At HealthBegins, we’re committed to playing our part by creating opportunities for health professionals to strengthen programs that improve social needs and population health for all, to unlock and align financing and capital for the people and places that need them most, and to transform moral injury into shared agency and actions that protect the vital institutions and infrastructure at the heart of our health and democracy. We’re doing that in three key practice areas:
- Integration: To help partners build robust connections between health and social care, we’re expanding access to our Community Health Detailing program, a proven model that leverages the power of community to increase clinic-based referrals to evidence-based health interventions and enrollments in public benefits and social services by up to 50 percent in less than six months. We’re also expanding opportunities for more states to use our practice transformation and CBO-readiness resources to drive outcomes-focused social health integration for a range of social needs, including food and nutrition. Check out our Food Is Medicine step-down model or visit this new Food Is Medicine Toolkit, which includes resources co-developed by HealthBegins, to help design, implement, and sustain FIM programs.
- Investments: As previous funding streams and revenue models evaporate, clinical, public health, and social sector leaders need shared spaces and supports to align and reimagine health equity and social needs financing. We provide a Blended Value for Health Equity course (and will soon be launching a Blended Value for Food Is Medicine program) to help executives and managers calculate the financial, economic, and social value of their programs. Our new Billing for Medicare course equips clinics and CBOs serving Medicare and dual-eligible populations to actually get paid for vital navigation and care coordination services. And springing from a landmark convening we hosted this year at UC Berkeley, we will be launching a new field-building initiative to help leaders unlock and align capital flows for the populations, programs, and places that need them most.
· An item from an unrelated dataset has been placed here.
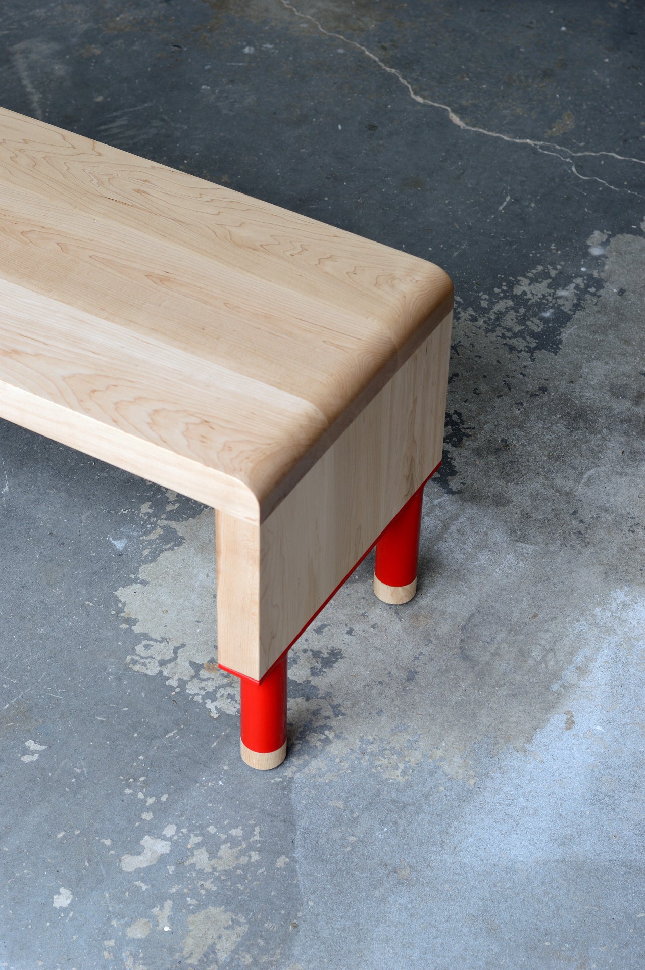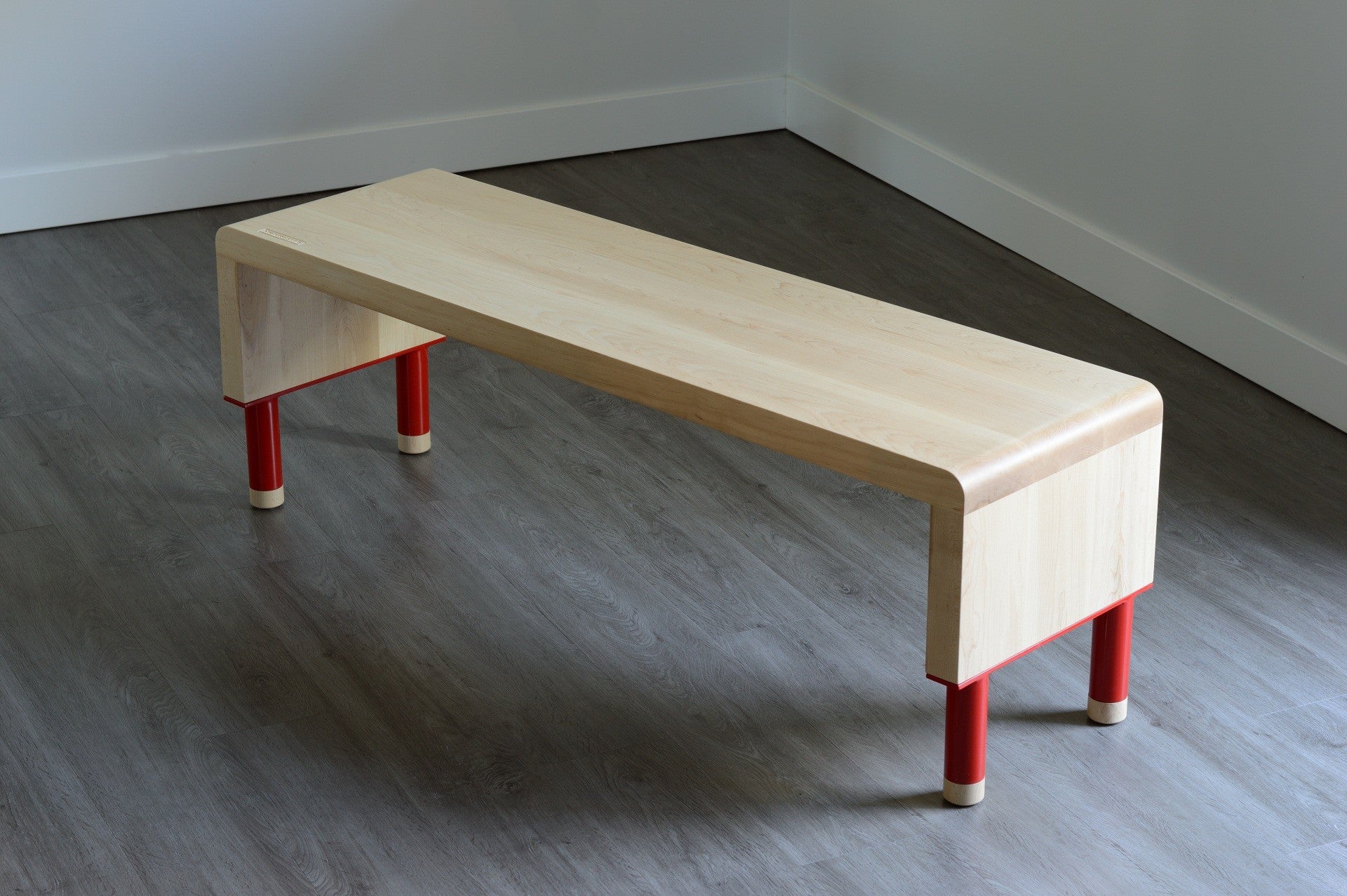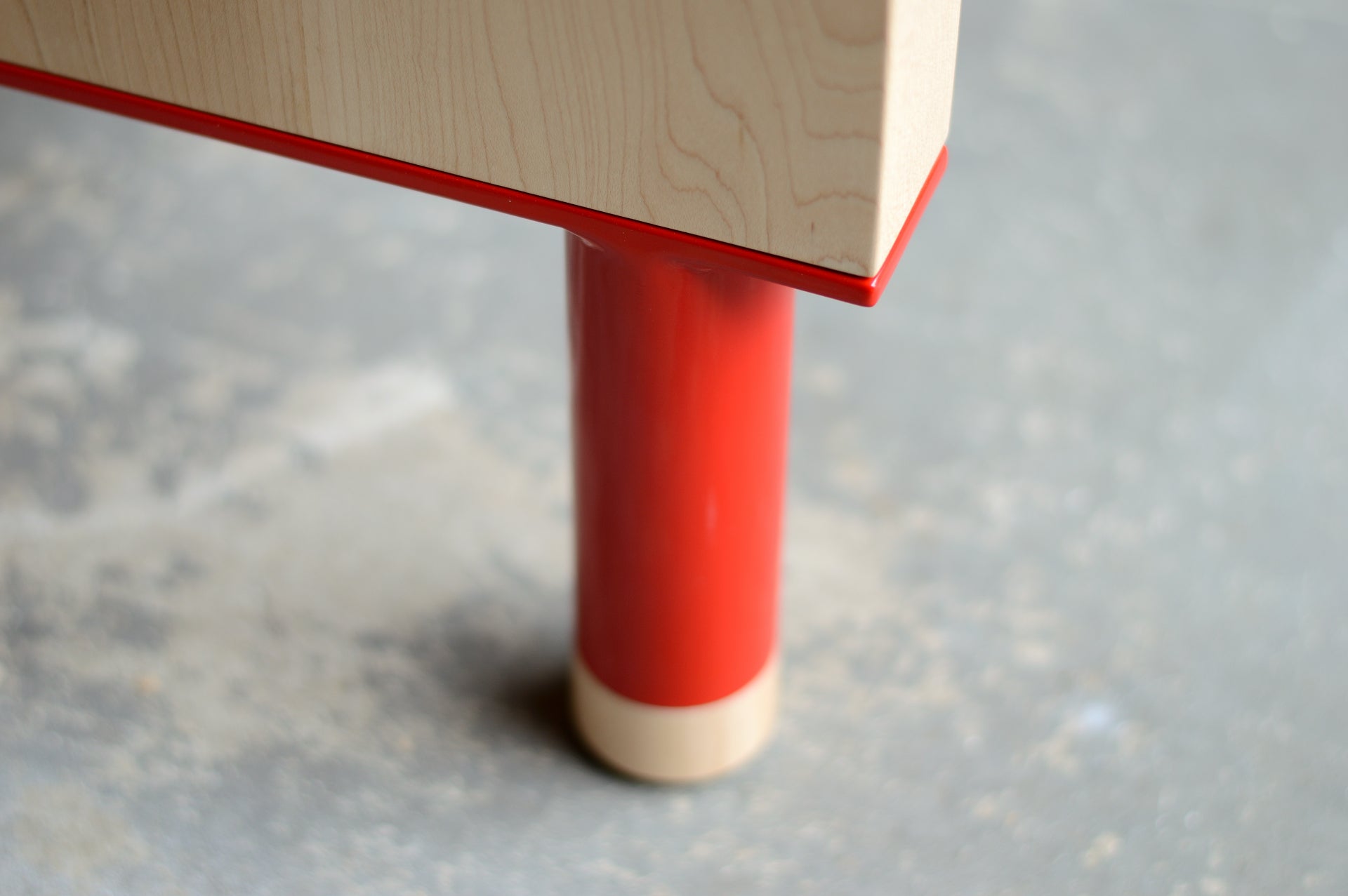 [shown in eastern maple with red powder coat legs // 55 inch]Â
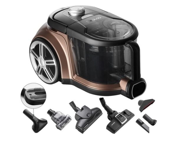 Nečistoty se zachytí v průhledné odpadní nádobě o objemu 2,2 l, kterou po naplnění jednoduše vysypete. Na nutnost vyprázdnění budete upozorněni světelnou signalizací. O kvalitní čistý vzduch při vysávání se postará HEPA filtr 13, který spolehlivě zachytí i ty nejmenší částice prachu. Plynulou elektronickou regulací sací síly si úklid vždy přizpůsobíte aktuálním potřebám. Velký akční rádius 10 m umožní pohodlný úklid velkých místností, měkčená kolečka jsou šetrná i k choulostivým povrchům a přední kolečko otočné o 360° zajistí plynulý a všestranný pohyb. Vysavač lze umístit do horizontální i vertikální parkovací polohy.

- Power building: As we witness the rise in moral injury among health professionals and leaders struggling to respond to political and economic threats, we’ve seen that the only way to translate moral injury into agency is through collaborative action. Building on insights and resources from our Health Equity Policy Tracker and Mobilization Network (launched last year with funding support from the Robert Wood Johnson Foundation), we’ve developed a collaborative action framework and network to help individuals, organizations, and place-based collaboratives build skills and strategies to meet this moment. The framework is rolling out in Arizona, California, Texas, Georgia, and Massachusetts, and we aim to expand it into up to five more states by the end of the year.
Looking back at the first half of 2026, I’m still deeply concerned about the upstream stressors that are putting more people in harm’s way. As we mark the passage of 250 years since the signing of the Declaration of Independence and look to the future, let’s remember that we are not simply providers of essential services. We are part of this nation’s civic muscle, vital elements of the infrastructure at the heart of our health and democracy. With the skills, coordinated strategies and emerging solidarity to advance equitable care, unlock capital, and mobilize collective action, we can overcome present threats and any others that may come our way.